The reliance on one drug, praziquantel, to treat the parasitic disease schistosomiasis in millions of people a year shows the need to further develop a pipeline of new drugs to treat this disease. Recently, an antimalarial quinoxaline derivative (MMV007204) from the Medicines for Malaria Venture (MMV) Malaria Box demonstrated promise against Schistosoma mansoni.
KEYWORDS: antiparasitic agents, schistosomiasis
ABSTRACT
The reliance on one drug, praziquantel, to treat the parasitic disease schistosomiasis in millions of people a year shows the need to further develop a pipeline of new drugs to treat this disease. Recently, an antimalarial quinoxaline derivative (MMV007204) from the Medicines for Malaria Venture (MMV) Malaria Box demonstrated promise against Schistosoma mansoni. In this study, 47 synthesized compounds containing quinoxaline moieties were first assayed against the larval stage of this parasite, newly transformed schistosomula (NTS); of these, 16 killed over 70% NTS at 10 µM. Further testing against NTS and adult S. mansoni yielded three compounds with 50% inhibitory concentrations (IC50s) of ≤0.31 µM against adult S. mansoni and selectivity indices of ≥8.9. Administration of these compounds as a single oral dose of 400 mg/kg of body weight to S. mansoni-infected mice yielded only moderate worm burden reduction (WBR) (9.3% to 46.3%).
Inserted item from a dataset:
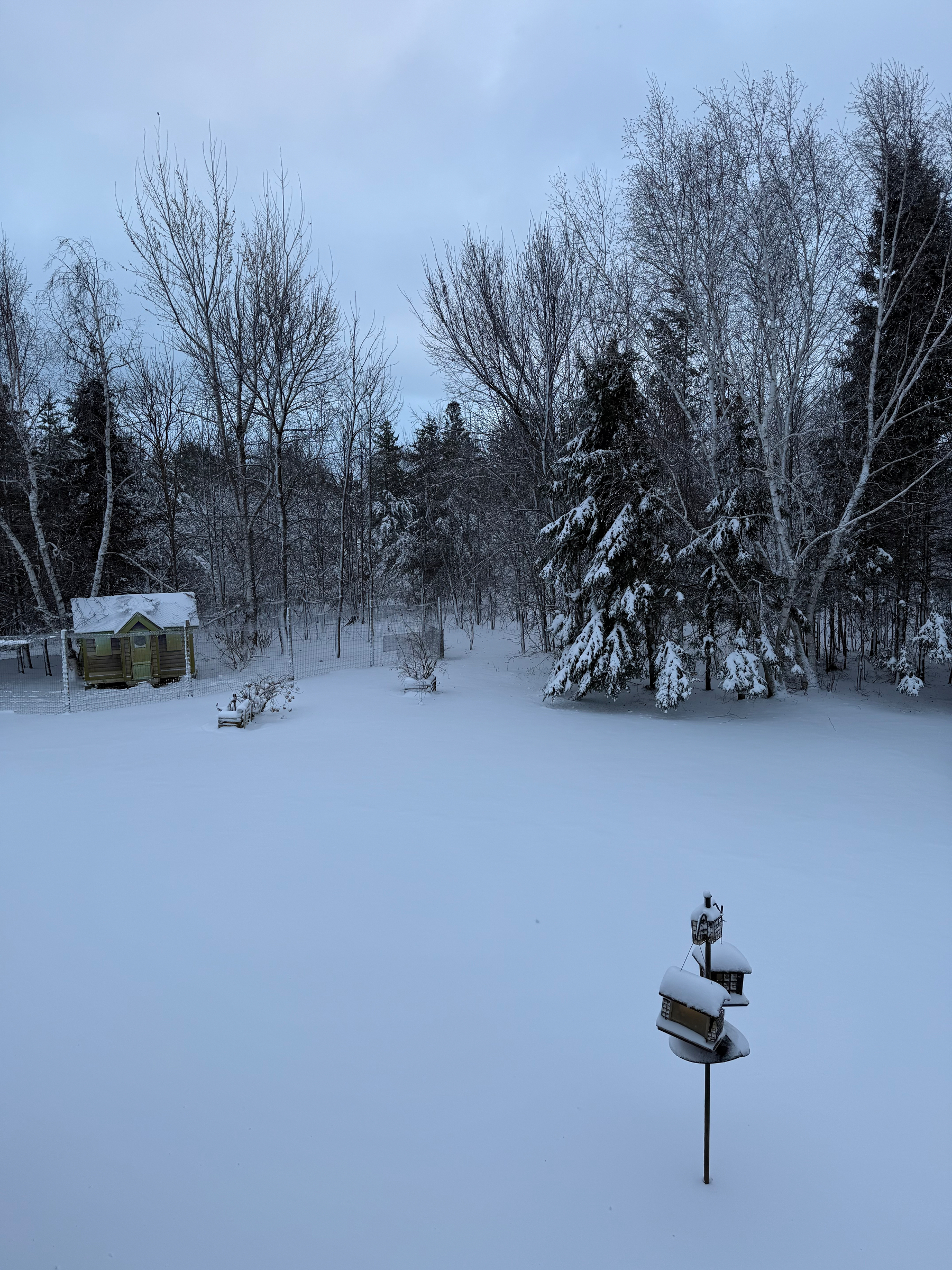 View from my window. Yesterday morning there wasn’t a snowflake in sight. Snow day for the kids—or as the school calls it, “e-learning.” 🙄

The discrepancy between these compounds’ good in vitro activities and their poor in vivo activities indicates that optimization of their pharmacokinetic properties may yield compounds with greater bioavailabilities and better antischistosomiasis activities in vivo.
INTRODUCTION
Schistosomiasis is a parasitic disease affecting over 200 million people, mostly in the developing world, caused by parasites of the Schistosoma genus, primarily Schistosoma mansoni, S. haematobium, and S. japonicum. Though this disease is responsible for a considerable health burden (1), its treatment thus far has relied on only one drug, the tetrahydroisoquinoline praziquantel. While this drug has proven safe, inexpensive at scale, and efficacious, the sheer scale of its use as an antiparasitic suggests that drug resistance may eventually become a concern (2–4).
For this reason, the development of new drugs effective against the parasite is a clear and pressing need. One of us has looked to antimalarial drugs for possible new leads (5) and screened the Medicines for Malaria Venture (MMV) Malaria Box (6) of 400 commercially available compounds for antischistosomal activity against both newly transformed schistosomula (NTS) and adult worms (7). In that work, two of the most active compounds, both in vitro and in vivo in a mouse model, were the N,N′-diarylurea 1 (MMV665852) and the 2,3-dianilinoquinoxaline 2 (MMV007204) (Fig. 1). Further exploration of the former led to the development of several analogs, including N-phenylbenzamides and N-arylphenylcarbamates, with excellent in vitro activity against S. mansoni but only moderate effect in a mouse model (8).
FIG 1.
Hit compounds against S. mansoni from the MMV Malaria Box (7).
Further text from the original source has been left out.